The Wyss Institute has been awarded up to $900,000 from the Defense Advanced Research Projects Agency (DARPA) to further develop tools for improving the reliability and efficiency with which living cells are transformed into microbial manufacturing facilities for high-value commodity chemicals, such as biofuels and drugs.
Living cell factories have the potential to become sustainable alternatives to the chemical processes often used to produce carbon-based compounds. But issues of efficiency, reliability, and cost have prevented their wide-scale adoption. The new approach could represent a significant step toward overcoming these obstacles.
The proposed tools would use nucleic acids as “building blocks” that assemble themselves into nanoscale scaffolding inside the cell to control its internal architecture and components. Such structures could be programmed to trigger the enzymatic reactions needed to make the cell produce a specific commodity.
The enzymes in a cell typically wander freely throughout the cytoplasm until they find each other and catalyze a chemical reaction. Under the new approach, the cell’s enzymes would adhere directly to the nanoscaffolding where their close proximity would accelerate the pace of reactions. These speed gains could ultimately drive down production costs. Moreover, the tools would be applicable to a wide range of chemical production needs — from biofuels and drugs, to sugars and biodegradable plastics.

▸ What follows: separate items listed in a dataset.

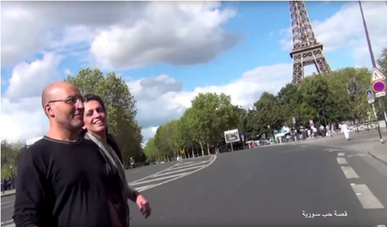
قصة حب سورية

صحة. سافرت إلى تركيا في قرية من بلدي. كل النشاطات التي تخص سوريا تتحدد في تركيا الشعب السوري لم يكن عنده خيار اللجوء. أنا تحديدا عرض علي اللجوء في السويد والدنمارك وكنت أرفض. أريد ان أموت في بلدي. الوطن بالنسبة لي ليس مجرد حجر وطننا بل يتمل عننا نحن تخلينا عنه.
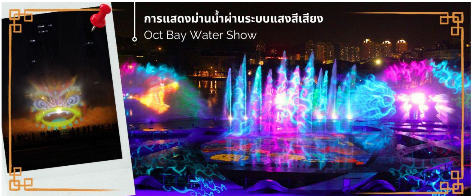
การแสดงม่านน้ำผ่านระบบแสงสีเสียง Oct Bay Water Show

จากนั้นนำท่าน ชมการแสดงม่านน้ำผ่านระบบแสงสีเสียง OCT BAY WATER SHOW เป็นโชว์ม่านน้ำแบบ 3 มิติ ที่ใช้ทุนสร้างกว่า 200 ล้านบาท จัดแสดงที่ OCT BAY Water Show Theatre Shenzhen ซึ่งเป็นโรงละครทางน้ำขนาดใหญ่ที่สามารถจุได้ถึง 2,595 คน เป็นโชว์ที่เกี่ยวกับเด็กหญิงผู้กล้ากับสิ่งวิเศษที่ออกตามหาเครื่องบรรเลงเพลงที่มีชื่อว่าปีกแห่งความรัก เพื่อเอามาช่วยนกที่ถูกทำลายจากมนต์ (มลพิษ) ในป่าโกงกาง การแสดงใช้อุปกรณ์ เช่น แสงเลเซอร์ ไฟ เครื่องเปล่งแสง ม่านน้ำ ระเบิดน้ำ กว่า 600 ชนิด เป็นโชว์น้ำที่ใหญ่และทันสมัยที่สุดในโลก
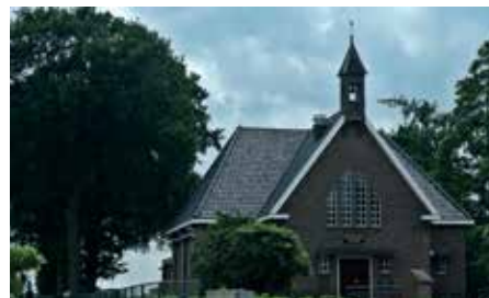
De Pollenkerk, elke zondag om 9:30 uur

De kerk is het huis van God. Tijdens de erediensten op zondag mogen we daar samenkomen om Hem te eren, te lofprijzen en te luisteren naar Zijn woord. Een levende gemeente is daarvoor de basis. We ontmoeten dus ook elkaar tijdens de erediensten. Binnen onze gemeente zijn er een aantal kerken met elk eigen erediensten. Je bent van harte uitgenodigd.

The overall approach was developed by Wyss Core Faculty member Pam Silver, Ph.D., and she will be principal investigator of this two-and-a-half-year DARPA project. Silver is also a Professor of Systems Biology at Harvard Medical School and the first Director of Harvard’s program in Systems Biology. Wyss core faculty members James Collins, Ph.D., and Peng Yin, Ph.D. will serve as co-principal investigators. Collins is also a Professor of Biomedical Engineering at Boston University and a Howard Hughes Medical Institute Investigator. Yin is also an Assistant Professor of Systems Biology at Harvard Medical School.
The award is part of DARPA’s Living Foundries Program, which was launched last year to develop novel biological production systems that will provide the nation with entirely new manufacturing capabilities.